The Dutch Data Protection Authority (DPA) released guidelines on data scraping, emphasizing that most data scraping practices are generally not compliant with the GDPR. Specifically, the DPA restricts the use of legitimate interest as a legal basis for data scraping regarding an interest with a source in law, as opposed to purely commercial interests. The DPA also recommends considering certain factors when determining the necessity of data scraping, such as the sources used and the duration of the scraping, and advises evaluating: (i) whether the data subject themselves published the data, or whether it was published by a third party; (ii) the data subject’s expectations relating to the data processing; and (iii) the relevant website terms. Please see here for the full memo.

The EDPB issued an opinion following a request by the Dutch, Norwegian, and Hamburg Data Protection Authorities emphasizing the need for valid consent in “pay-or-okay” models used by major online platforms for behavioral advertising. The EDPB found that, in most cases, pay-or-okay models do not comply with the GDPR, as these models incentivize users to give consent, which means that consent is not freely given and therefore does not qualify as consent under GDPR . The EDPB urged platforms to offer an additional equivalent alternative, which does not implement behavioral advertising or require payment of a fee, such as a free version that shows standard, non-behavioral ads.

CNIL issued a formal notice to a company, following a complaint about the collection of unnecessary personal data during its recruitment process. CNIL clarified that the principle of data minimization in recruitment only permits the collection of information that is directly relevant to the job or professional skills evaluation, to prevent any implication of unlawful discrimination based on age, family status, or similar factors. Employers should limit the information requested to that which identifies the best-suited candidates, confirming their skills and qualifications. Additional data (like the candidate’s marital status, social security number) should not be collected during the recruitment process, but only after the candidate has been hired. CNIL emphasized that, during recruitment, companies should not collect information about a candidate’s family members, birthplace, specific nationality, or past salary details.
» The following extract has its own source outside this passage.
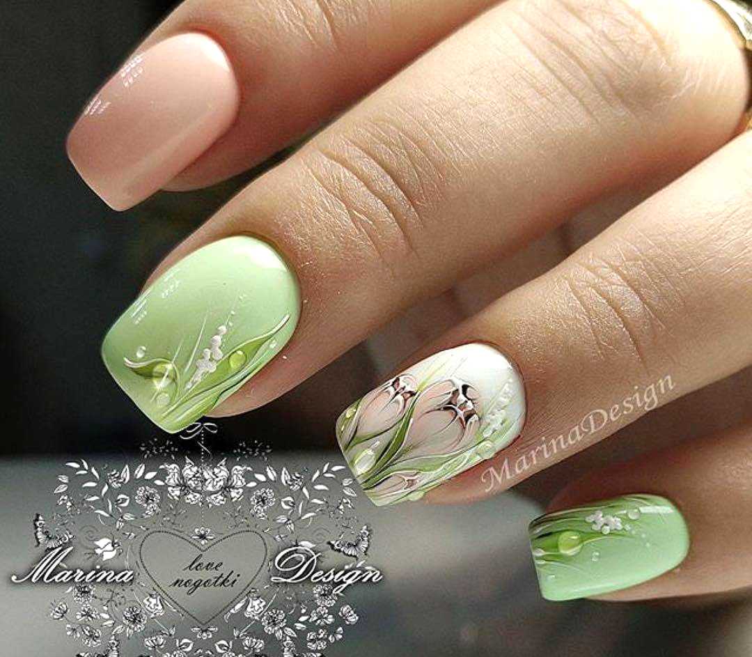 С художественной росписью. Для этого вам потребуется покрыть один-два ногтя гель-лаком молочного, бежевого или белого цвета. Именно на эти пластины и будет нанесен узор. В остальном ограничений нет и можно изобразить на ногтях как классические цветочные орнаменты, так и варианты в виде абстракции, а также тематические рисунки, посвященные конкретному событию или сезону.

The Austrian Supreme Administrative Court clarified the scope of the prohibition on automated decision-making under Article 22 of the GDPR. The case in question involved the Austrian Public Employment Service (“AMS”), which facilitates the (re)integration of employment seekers into the professional world. AMS employed an AI system, the “AMS-Algorithm”, to categorize job seekers based on their likelihood of (re)integrating into the labor market. The services provided by AMS were subsequently tailored based on such categorization.
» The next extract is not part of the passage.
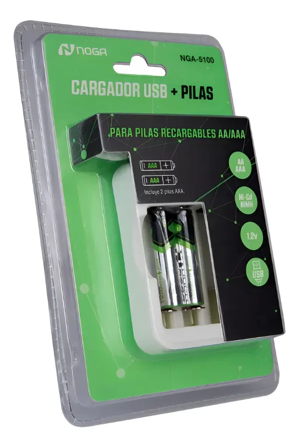 El Noga NGA-5100 es un cargador compacto y práctico, diseñado para cargar pilas recargables AA y AAA directamente a través de un puerto USB. Ideal para mantener siempre tus dispositivos listos sin depender de cargadores voluminosos ni tomas de corriente tradicionales. Características principales - Compatible con pilas AA y AAA recargables. - Alimentación por puerto USB (PC, cargador de pared, power bank). - Indicadores LED individuales de carga. (no indica carga completa, se mantiene siempre en rojo) - Incluye 2 pilas AAA de 1100mAh – 1.2V. - Diseño liviano y portátil, fácil de transportar. Contenido del paquete - 1 Cargador USB Noga NGA-5100. - 2 Pilas AAA recargables de 1100mAh.

Initially, the Austrian DPA determined that using the AMS-Algorithm constituted a prohibited use of automated decision-making under the GDPR, which prohibits the processing of personal data without consent, where such processing will have a legal or similarly significant effect on the data subject. Following an appeal of the DPA’s decision, the Supreme Administrative Court upheld the DPA’s view. It claimed that, even if the AMS-Algorithm’s immediate outcome did not have a direct legal or similar significant effect, the categorization itself could be considered as such, since the subsequent handling by AMS personnel relies heavily on this categorization.  


The Israeli Privacy Protection Authority has announced the release of a bill amending the Class Actions Law for public consultation. The bill aims to enable class action suits for privacy violations, including: (i) for various breaches under the Israeli Privacy Protection Law; (ii) for claims related to the management or possession of a database requiring registration; and (iii) for violations of the Data Security Regulations that result in significant security incidents affecting the data of over 1,000 individuals.

The Israel Privacy Protection Authority released guidelines (“Guidelines”) in April, regarding the use of open source software in connection with databases that contain personal data. According to the Guidelines, open source software may contain certain vulnerabilities or limitations which may compromise data security and could lead to a data breach. Specifically, the Guidelines address the following issues:

  • Documentation. Under the Protection of Privacy Regulations (Data Security) – 2017 (“Regulations”), database owners are required to maintain certain documents that provide details about the computer systems that hold personal data. The Guidelines specify that such documents must detail the open-source software included in or used with such systems, and the applicable license terms.
  • Maintenance. The Regulations require database owners to properly maintain the systems holding personal data and ensure regular software updates of such systems. As such, the Guidelines expressly prohibit the use of open-source software that is not supported or maintained.
  • Public Networks. The Guidelines require database owners to ensure that their databases are not connected to public networks that are not protected by sufficient security measures. Specifically, they must take steps to confirm that any open-source software in their systems is free from malware.
  • Service Providers. Prior to engaging an outsourced service provider, database owners must evaluate the risks posed by the use of open-source software by that service provider.
  • Risk Assessment. Database owners must evaluate the risks posed by open-source software prior to developing or licensing systems based thereon.
  • Open-Source Program Officer. Entities should appoint an Open-Source Program Officer responsible for ensuring the ongoing maintenance and security of open-source software used by the entity. 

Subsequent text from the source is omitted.